Mit Kraft drückte ich ihn von mir, sodass er vor mir stand und beide Hände an der Bettkante abgestützt hatte.
"Ich war im Park und saß auf einer Bank. Er ist aufgetaucht und zwei seiner Freunde haben mich hoch gehoben. Ich hab versucht mich zu wehren, aber hatte keine Chance. Wegen meiner Schreie schlugen sie so oft auf mich ein, bis ich bewusstlos wurde und soweit ich weiß, lag ich später in einem kleinen Raum. Später sind alle drei aufgetaucht und haben plötzlich angefangen mich zu schlagen. Sie haben mich mit einem Gürtel gepeitscht, mir solang in den Bauch geboxt, bis ich Blut spuckte und mir dicke Haarsträhnen rausgerissen. Einen Monat hielten sie mich dort fest. Es war ein Container und keiner konnte mir helfen, weil ich mich im nirgendwo befand. In diesem Monat wurde ich von Kaan jeden Tag, wirklich jeden Tag, geschlagen worden. Er hat mich so fest geschlagen, dass ich seine Beine festgehalten hab und ihn angefleht hab, mich frei zu lassen. Ende des Monats hat er mir Spritzen mit Inhalt von Drogen in den Arm gespritzt. Ich wusste nicht einmal genau, ob es Drogen waren, aber es war ein dreckiges Gefühl. Ich fühlte mich dadurch schwächer. Er hat es immer öfters getan, bis ich beinahe die Überdosis erreicht hatte. Nach dem Monat waren zwei Wochen vergangen. Mein Tagesablauf war immer der gleiche. Er hat mich immer mehr geschlagen, mich mit Gegenständen geschlagen. Ich dachte mir, er würde mich todprügeln, weil er es ziemlich übertrieben hatte. I-ich konnte Gott sei Dank fliehen, als die Tür offen war und habe eine Familie am Rastplatz der Autobahn gebeten, mich nach Hause zu bringen. Stattdessen bin ich im Krankenhaus aufgewacht. Du willst nicht wissen, wie schlimm mein Körper aussah. Es waren schlimme, tiefe und bedreckte Wunden, die der Arzt zum Glück heilen konnte. Ich hatte zwei Platzwunden, mehrere Messerstiche, jedoch hab ich überlebt, was unrealistisch war, denn mein Körper konnte nicht mithalten."
Ich wusste nicht wie lang ich schon in seinen Armen lag und mich ausweinte, doch alles kam hoch. Während des Erzählens die Bilder im Kopf zu haben und zu denken, wie schlimm man behandelt wurde, war grauenhaft. Man konnte mich mit einem Insekt vergleichen. Man konnte machen, was man will mit mir, doch ich hatte die Kraft eines Insektes und hatte keine Chance dagegen.

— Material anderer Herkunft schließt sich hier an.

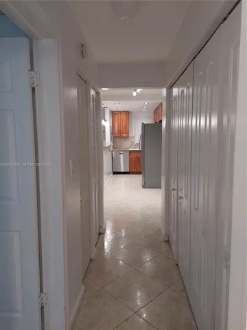 Beautiful Apartment, 1 bedroom, 1.5 baths on the first floor with covered balcony and shutters. Updated kitchen and bathrooms, tile floors, 3 huge closet spaces. The remodeled open kitchen and new stainless steel appliances. 26-unit building. Apartment with pool view. Outdoor hallway and stairs. Building 1 block from US1,
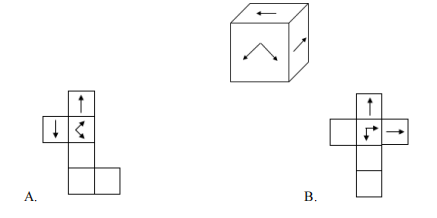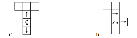 单选题 在选项的四个图形中,只有一个是由上面的纸板折叠而成的。你认为正确的选项是( )。

"Dem Arzt wurde anhand der Wunden schon klar, dass ich geschlagen worden war, also war er verpflichtet dazu, die Polizei zu rufen. Aus Angst hielt ich meine Klappe und wenig später wurde festgestellt, dass ich psychisch krank bin. Die Psychiatrie hat mehrere Male meine Eltern angerufen, aber sie haben abgeblockt und es war ihnen egal, was passiert war. Ich hab hier genau so niemandem etwas erzählt, nur kleine Szenen."

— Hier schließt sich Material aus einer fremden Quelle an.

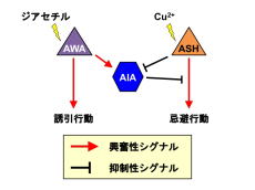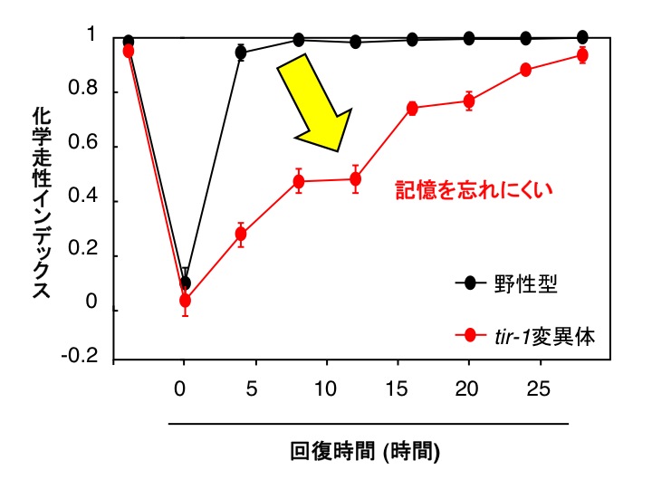 学習は、記憶の形成、保持、想起、消去など様々な過程から成り立っている複雑なシステムです。私達の研究室ではは、線虫C. elegansを用いて、短期記憶の消去の分子機構を明らかにする目的で、「記憶を忘れない」変異体の解析を開始しました。ジアセチルに対する応答や順応には異常はないが、順応からの回復が見られない変異体を単離しました。その解析から、ある感覚ニューロンから忘却を促すシグナルがでていることが明らかになりました。

"Wo war Aylin zu dieser Zeit?"
"Sie war auf ihre Bildung konzentriert, aber nach der Containergeschichte hat sie mir geholfen. Zwar hat sie mich davor auch unterstützt, aber was sollte sie tun, wenn ich ihr nichteinmal richtig erzählt hatte, was geschehen war?"
"Bevor du in mein Leben eingetreten bist, war alles so schlimm. Ich fühlte mich wie im Gefängnis und habe mir wehgetan. Ich war ein verrücktes Mädchen, meine Art und Weise war so unmenschlich."

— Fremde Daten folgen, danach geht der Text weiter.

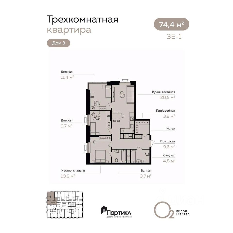 Общая площадь74,4 м²
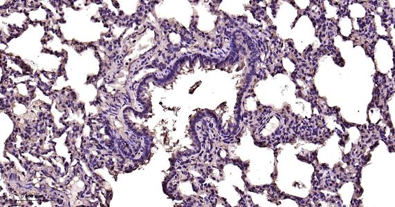 Paraformaldehyde-fixed, paraffin embedded Rat Lung; Antigen retrieval by boiling in sodium citrate buffer (pH6.0) for 15 min; Antibody incubation with VCP Monoclonal Antibody, Unconjugated(bsm-61451R) at 1:200 overnight at 4°C, followed by conjugation to the bs-0295G-HRP and DAB (C-0010) staining.
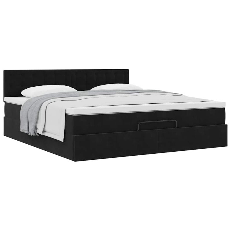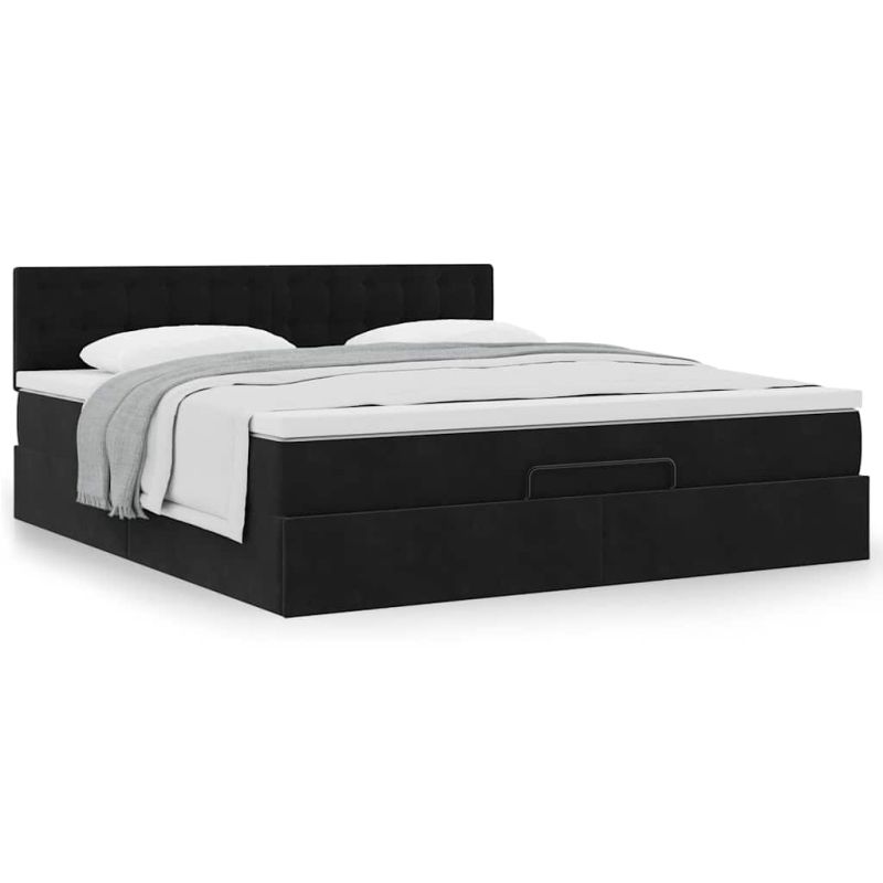 Османска легло с матрак, черно, 180x200 см, кадифе

"Ich weiß grad garnicht genau, warum ich es getan hab, aber ja verdammt, du hattest Recht. Es hat mir gut getan, dir alles erzählt zu haben", schluchzte ich.
Ich wollte etwas aus seinem Munde hören, ein Kommentar dazu, doch er blieb still. Angst, er würde mich verlassen, dies stand im Vordergrund.
"Sag doch was!", hauchte ich weinend und hielt ihn mit beiden Händen an den Kragen fest.
"Hast du ihn geliebt?", fragte er plötzlich und ich konnte nicht anders, als wütend und entsetzt zu ihm hinzuschauen.